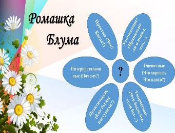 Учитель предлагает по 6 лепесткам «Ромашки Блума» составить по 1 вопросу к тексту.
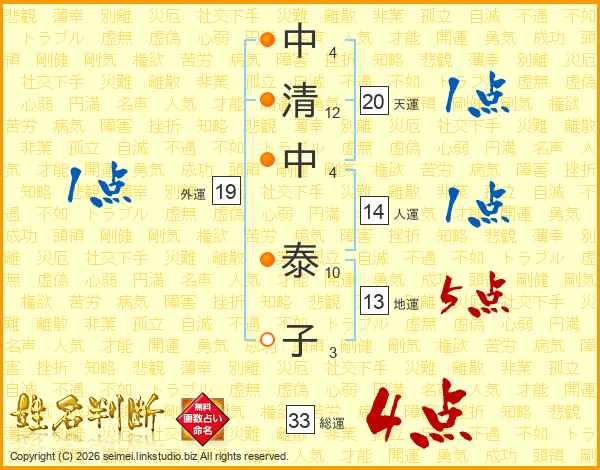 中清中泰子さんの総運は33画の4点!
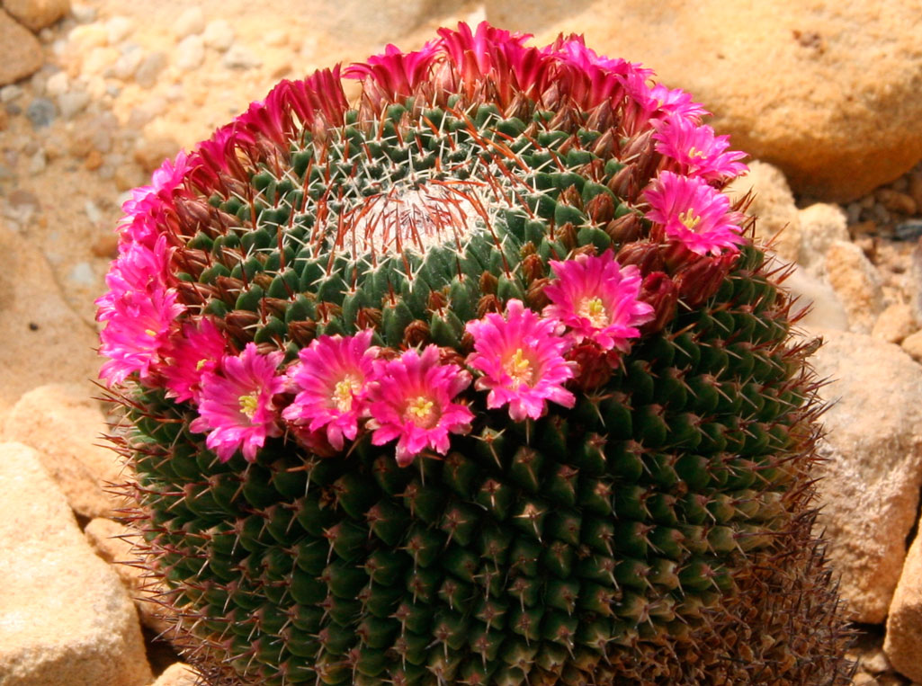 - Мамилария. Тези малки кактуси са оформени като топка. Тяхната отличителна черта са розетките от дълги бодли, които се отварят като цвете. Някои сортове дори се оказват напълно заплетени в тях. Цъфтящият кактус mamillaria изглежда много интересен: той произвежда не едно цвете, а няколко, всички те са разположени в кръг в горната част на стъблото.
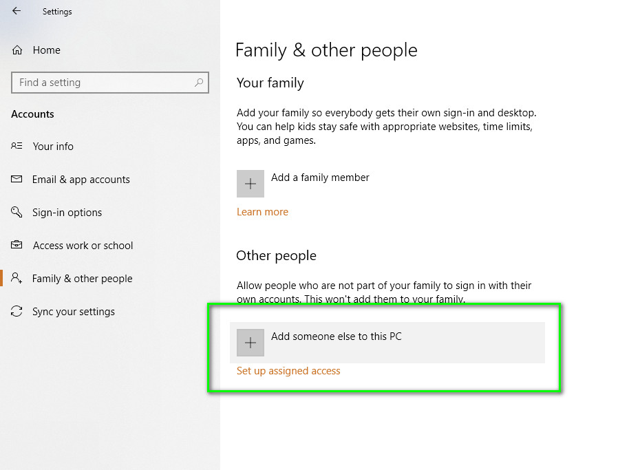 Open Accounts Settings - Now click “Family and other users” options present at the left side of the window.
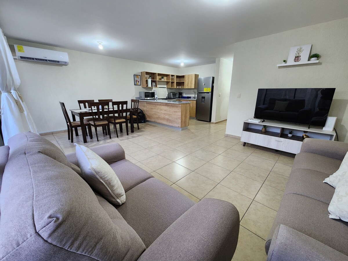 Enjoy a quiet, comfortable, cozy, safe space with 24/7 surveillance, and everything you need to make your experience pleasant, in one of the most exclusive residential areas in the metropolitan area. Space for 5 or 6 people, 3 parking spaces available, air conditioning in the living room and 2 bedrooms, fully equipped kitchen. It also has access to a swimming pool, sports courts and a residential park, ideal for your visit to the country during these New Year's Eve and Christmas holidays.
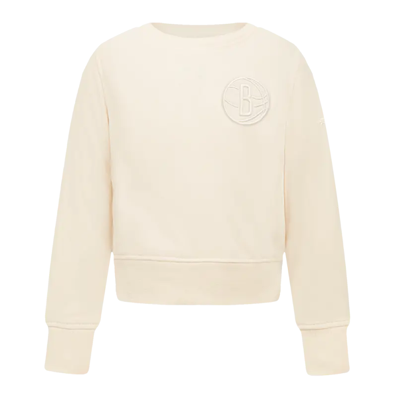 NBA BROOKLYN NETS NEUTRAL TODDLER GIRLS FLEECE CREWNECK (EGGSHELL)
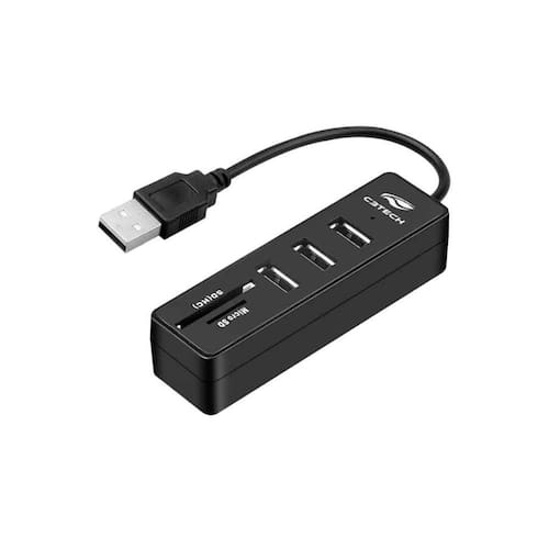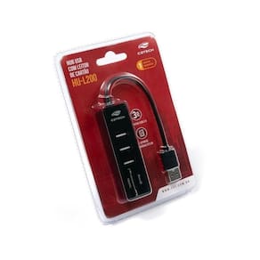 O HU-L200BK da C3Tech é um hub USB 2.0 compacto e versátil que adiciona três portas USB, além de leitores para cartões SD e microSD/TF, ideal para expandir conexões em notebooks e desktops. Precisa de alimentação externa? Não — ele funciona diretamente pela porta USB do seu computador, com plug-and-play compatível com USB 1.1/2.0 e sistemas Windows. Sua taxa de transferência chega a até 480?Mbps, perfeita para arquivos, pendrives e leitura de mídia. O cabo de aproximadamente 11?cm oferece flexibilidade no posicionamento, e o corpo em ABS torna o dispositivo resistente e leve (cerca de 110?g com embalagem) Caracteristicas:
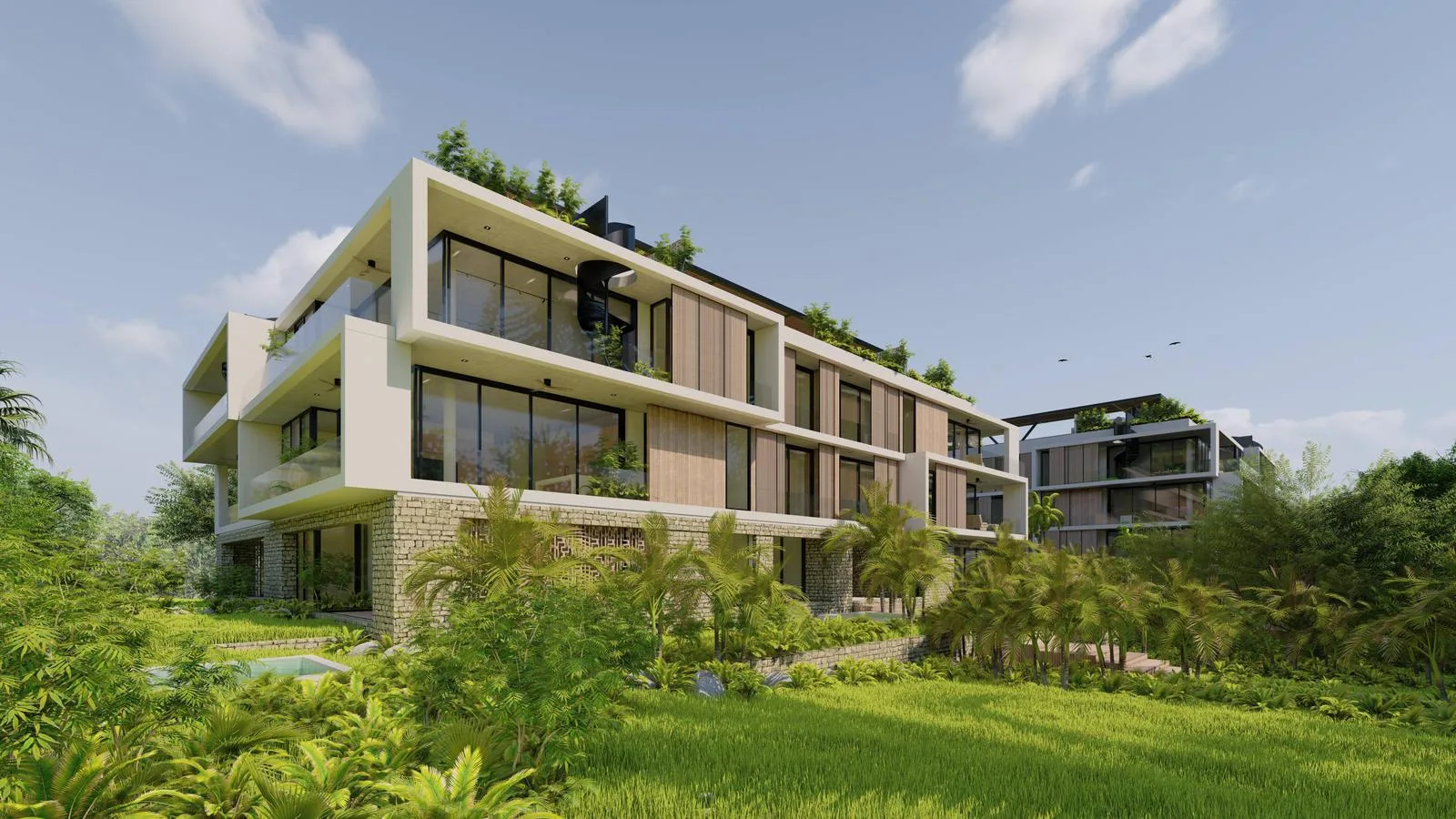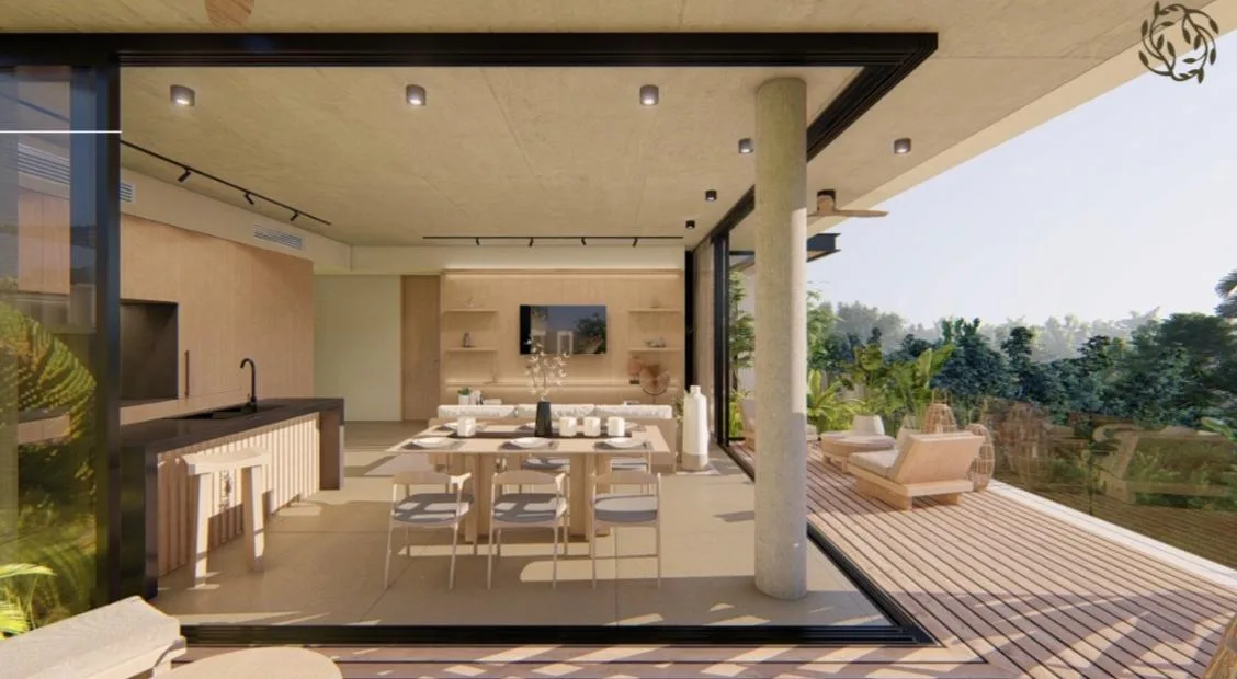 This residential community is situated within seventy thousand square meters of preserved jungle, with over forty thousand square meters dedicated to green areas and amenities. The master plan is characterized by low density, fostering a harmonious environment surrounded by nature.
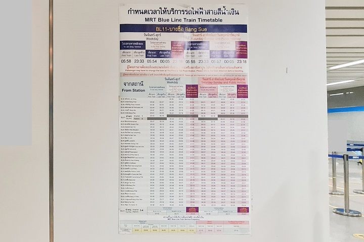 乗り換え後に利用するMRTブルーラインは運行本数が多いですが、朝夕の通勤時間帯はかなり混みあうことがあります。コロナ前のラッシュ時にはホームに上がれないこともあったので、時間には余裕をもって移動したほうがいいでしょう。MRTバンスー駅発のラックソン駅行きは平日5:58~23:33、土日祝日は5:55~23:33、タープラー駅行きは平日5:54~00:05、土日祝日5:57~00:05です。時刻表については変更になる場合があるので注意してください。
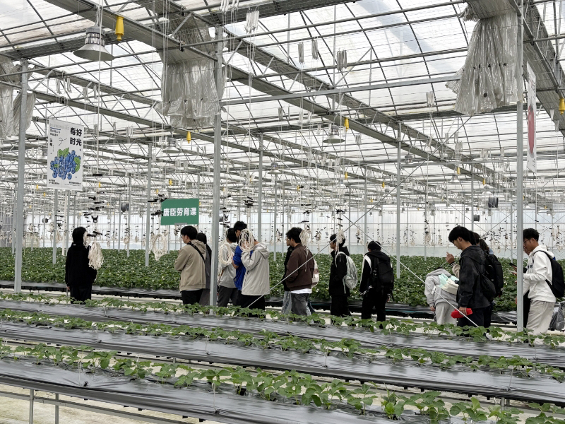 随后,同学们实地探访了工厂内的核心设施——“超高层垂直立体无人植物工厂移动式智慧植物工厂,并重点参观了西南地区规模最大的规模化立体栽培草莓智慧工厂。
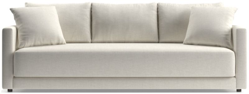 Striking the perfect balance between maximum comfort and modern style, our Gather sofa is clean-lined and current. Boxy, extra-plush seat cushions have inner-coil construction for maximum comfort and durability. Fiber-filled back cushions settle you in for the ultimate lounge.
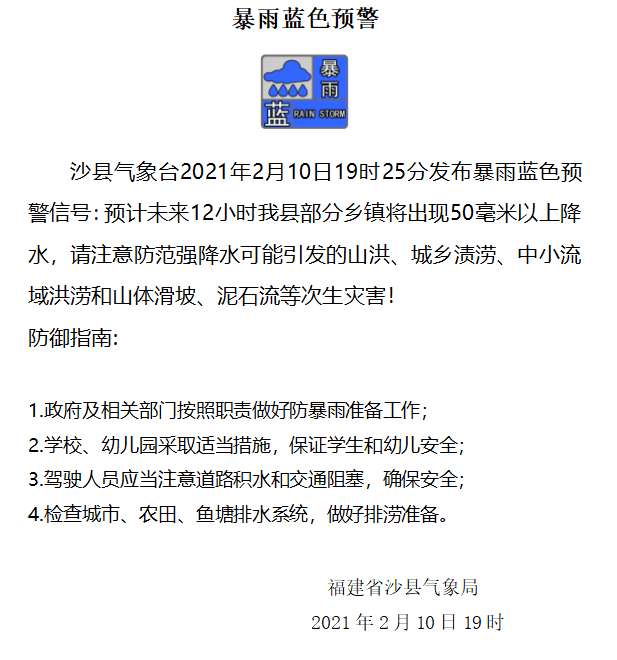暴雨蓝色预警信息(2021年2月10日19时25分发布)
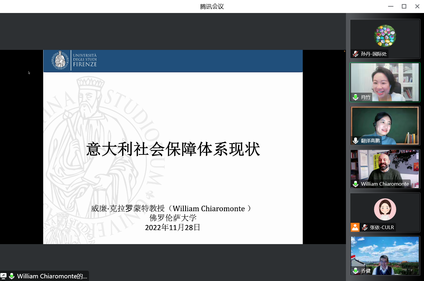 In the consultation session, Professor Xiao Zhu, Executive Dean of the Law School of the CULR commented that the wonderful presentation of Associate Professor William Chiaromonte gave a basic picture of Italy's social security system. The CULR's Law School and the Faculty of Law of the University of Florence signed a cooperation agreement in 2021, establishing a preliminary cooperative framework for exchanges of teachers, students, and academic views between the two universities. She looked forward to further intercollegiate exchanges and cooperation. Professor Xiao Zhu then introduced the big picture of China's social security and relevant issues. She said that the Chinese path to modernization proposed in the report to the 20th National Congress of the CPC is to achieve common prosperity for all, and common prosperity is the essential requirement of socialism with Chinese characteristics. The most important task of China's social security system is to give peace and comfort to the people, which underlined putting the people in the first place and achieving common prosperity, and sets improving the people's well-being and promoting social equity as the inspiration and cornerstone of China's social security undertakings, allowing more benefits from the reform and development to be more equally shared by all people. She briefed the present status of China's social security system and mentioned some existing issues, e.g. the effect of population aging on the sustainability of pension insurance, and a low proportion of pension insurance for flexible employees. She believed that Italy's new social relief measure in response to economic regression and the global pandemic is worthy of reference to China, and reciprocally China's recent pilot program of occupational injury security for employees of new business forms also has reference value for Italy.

• • • •

## [Task description]
Please copy out from the data above, without any picture, exactly the lines running from the one that holds "Striking the perfect" through the one that holds "暴雨蓝色预警信息(2021年2月10日19时25分发布)", and nothing beyond them.

## [Completed exercise]
 Striking the perfect balance between maximum comfort and modern style, our Gather sofa is clean-lined and current. Boxy, extra-plush seat cushions have inner-coil construction for maximum comfort and durability. Fiber-filled back cushions settle you in for the ultimate lounge.
暴雨蓝色预警信息(2021年2月10日19时25分发布)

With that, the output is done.